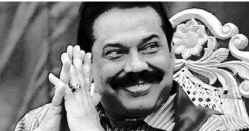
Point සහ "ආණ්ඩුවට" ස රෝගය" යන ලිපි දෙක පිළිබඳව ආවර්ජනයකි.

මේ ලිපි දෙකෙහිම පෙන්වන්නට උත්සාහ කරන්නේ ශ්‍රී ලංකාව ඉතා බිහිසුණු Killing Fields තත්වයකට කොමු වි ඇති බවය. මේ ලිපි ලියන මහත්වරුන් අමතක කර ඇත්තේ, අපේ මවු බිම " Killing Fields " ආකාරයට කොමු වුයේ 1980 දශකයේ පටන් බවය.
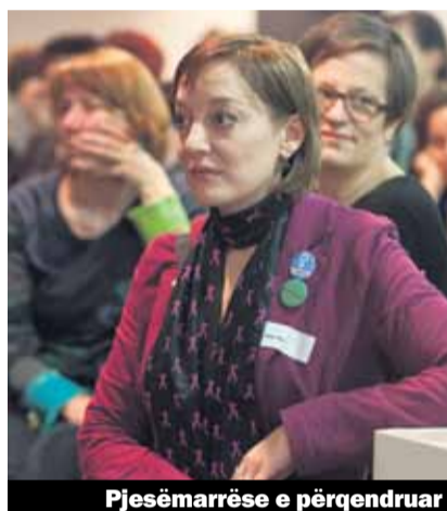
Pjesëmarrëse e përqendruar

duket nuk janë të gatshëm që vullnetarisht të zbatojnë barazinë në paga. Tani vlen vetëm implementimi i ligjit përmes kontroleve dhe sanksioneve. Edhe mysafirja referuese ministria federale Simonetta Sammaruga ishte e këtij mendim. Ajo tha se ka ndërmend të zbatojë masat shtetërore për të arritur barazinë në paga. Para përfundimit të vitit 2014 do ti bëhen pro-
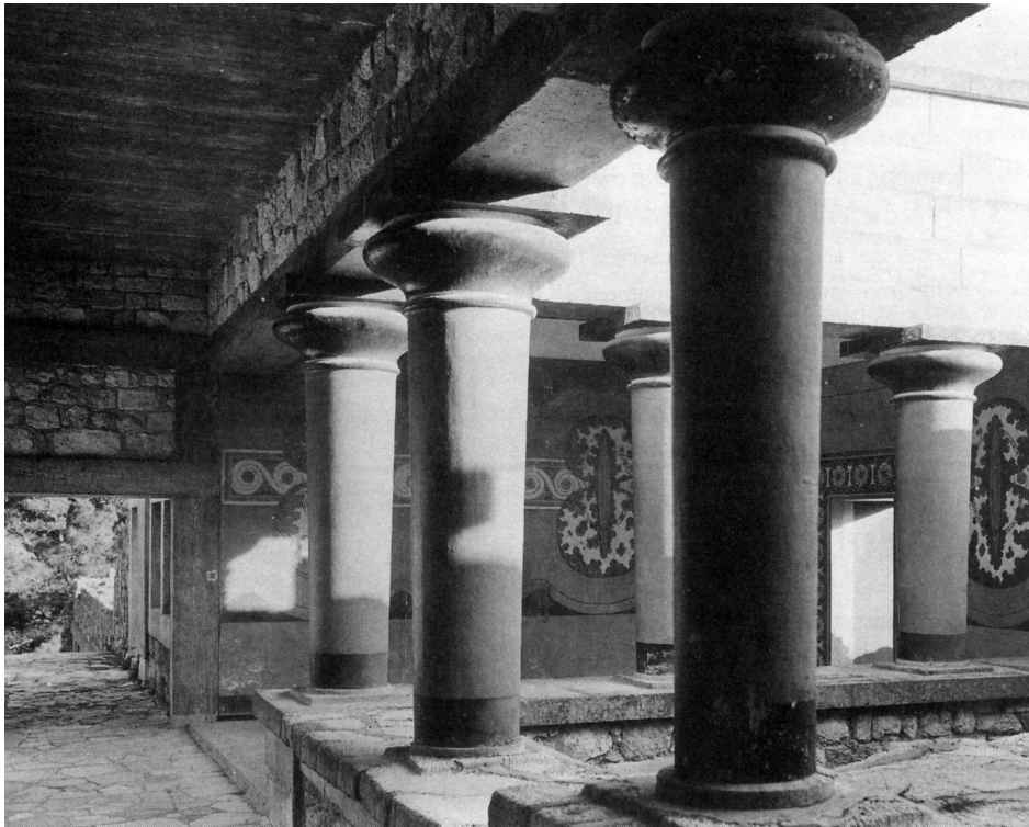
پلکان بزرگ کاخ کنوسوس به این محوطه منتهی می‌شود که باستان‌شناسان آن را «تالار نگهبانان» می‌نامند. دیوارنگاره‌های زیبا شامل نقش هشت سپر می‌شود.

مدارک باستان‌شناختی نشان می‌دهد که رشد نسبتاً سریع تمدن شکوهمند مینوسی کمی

▶ WHAT YOU NEED TO DO
Emit the lines of the material exactly, from its first line to the line containing "Pjesëmarrëse e përqendruar", inclusive; leave every picture out.

▶ EXPECTED ANSWER
Point සහ "ආණ්ඩුවට" ස රෝගය" යන ලිපි දෙක පිළිබඳව ආවර්ජනයකි.

මේ ලිපි දෙකෙහිම පෙන්වන්නට උත්සාහ කරන්නේ ශ්‍රී ලංකාව ඉතා බිහිසුණු Killing Fields තත්වයකට කොමු වි ඇති බවය. මේ ලිපි ලියන මහත්වරුන් අමතක කර ඇත්තේ, අපේ මවු බිම " Killing Fields " ආකාරයට කොමු වුයේ 1980 දශකයේ පටන් බවය.
Pjesëmarrëse e përqendruar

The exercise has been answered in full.